Brazil bans crypto payments for licensed betting operators and requires addiction warnings on all gambling ads starting July 2026. Compliance costs rise as operators face legal review for every marketing piece.
Brazil is forcing online betting firms to rewrite their marketing playbook. A new set of advertising restrictions, set to take effect in mid-July 2026, requires every gambling ad to carry a health warning about addiction risks and potential financial losses. The rules also ban any claim that gambling offers "easy money" and prohibit the use of expert endorsements in promotional materials.
The advertising measures apply to licensed operators and third-party promoters, including influencers and affiliate marketers. Each television spot, social media post, and paid endorsement must now include the mandatory warning, comparable in form to cigarette-pack health labels in many countries.

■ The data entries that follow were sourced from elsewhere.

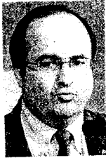
MIQUEL ICETA Vicet primer secretario del PSC

► Su formación jurídica y su espíritu autonomista le convierten en una pieza importante en el día a día. Zapatero le ha dado la confianza en detrimento de Jordi Sevilla.
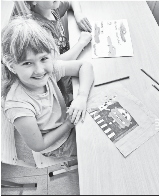
На занятиях с сотрудниками госавтоинспекции дети с удовольствием рисовали.

В летнее время дети много времени проводят на улице, у них пользуется большой популярностью двухколёсный транспорт и другие современные средства передвижения - самокаты, моноколёса, гироскутеры.
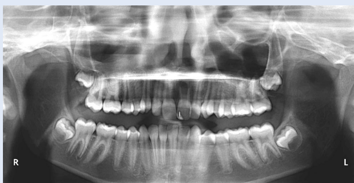
Slika 1. Ortopantomogram bolesnika s mladom trajnom denticijom Figure 1. Orthopantomogram of patient in early permanent dentition
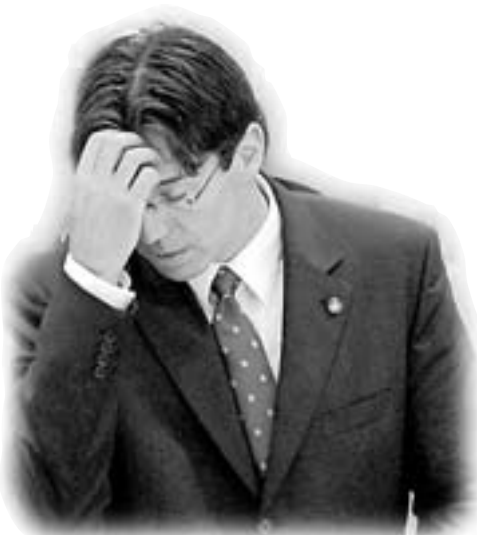
RATLOS: Auch Bundestrainer Uwe Krupp muss sich Kritik gefallen lassen.
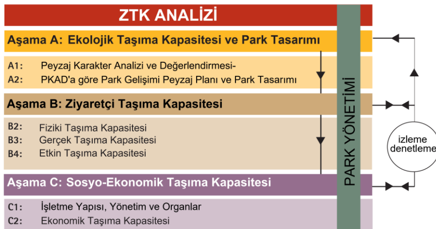
Şekil 3. Ziyaretçi taşıma kapasitesi (ZTK) analizi

Bu çalışma ile önerilen ZTK analizi, sistematik olarak yapılmış üç aşamadan oluşmaktadır (Şekil 3): (A) Ekolojik taşıma kapasitesi (B) Ziyaretçi taşıma kapasitesi ve (C) Ekonomik taşıma kapasitesi. Bir parkin tasarımında ve uygulama sonrası yönetiminde, bu üç aşama birbirini etkileyen, bu nedenle geribeslemeli ve bütünleşik aşamalar olarak ele alınmalıdır.
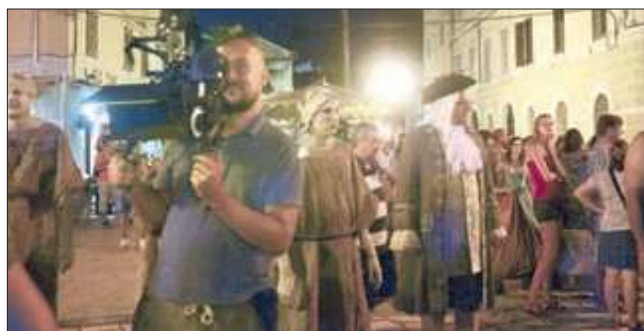
Snimanje na Trgu Marafor

Snimanje na trgu trajalo je cijelu noć, a obuhvaćalo je scene u kojima se protagonisti, bračni par Grebo nalazi u šetnji porečkom starogradskom jezgrom u

More directly for the crypto industry, the new regulations explicitly forbid licensed betting operators from accepting any form of virtual assets or cryptocurrency for transactions. That rule is codified under Ordinance SPA/MF No. 615/2024. It closes off a use case that had been growing among both retail bettors and some institutional operators in Brazil’s online gambling market. Transactions will now revert entirely to the traditional financial system, where regulators can monitor and trace flows more easily.
Compliance costs are climbing. Operators must submit every piece of marketing content for legal review to ensure it meets the new standards. Third-party advertisers face direct regulatory liability for violations, meaning fines can land on influencers who fail to include the required warning or who promote gambling as a financial strategy.
The regulations build on Law 14,790/2023, which established Brazil’s legal framework for regulated sports betting and online gambling. That law took full effect for authorized operators in January 2025, after the Ministry of Finance began licensing betting firms in 2024.
A Senate committee advanced a near-total advertising prohibition on gambling promotions in February 2026. President Lula called for broader restrictions in April 2026. The current package stops short of a complete ad ban, representing a compromise between full prohibition and the industry’s preferred lighter touch.
Rising gambling addiction cases and escalating consumer debt were the catalysts for the government’s push. Officials have signaled willingness to tighten further if the current measures do not curb those trends.
The crypto payment ban, while narrower in scope than the advertising rules, may have the longer reach. It removes one channel for digital asset usage in a high-volume transaction market and forces betting operators to rely on banks and payment processors that fall under Brazil’s existing financial surveillance framework.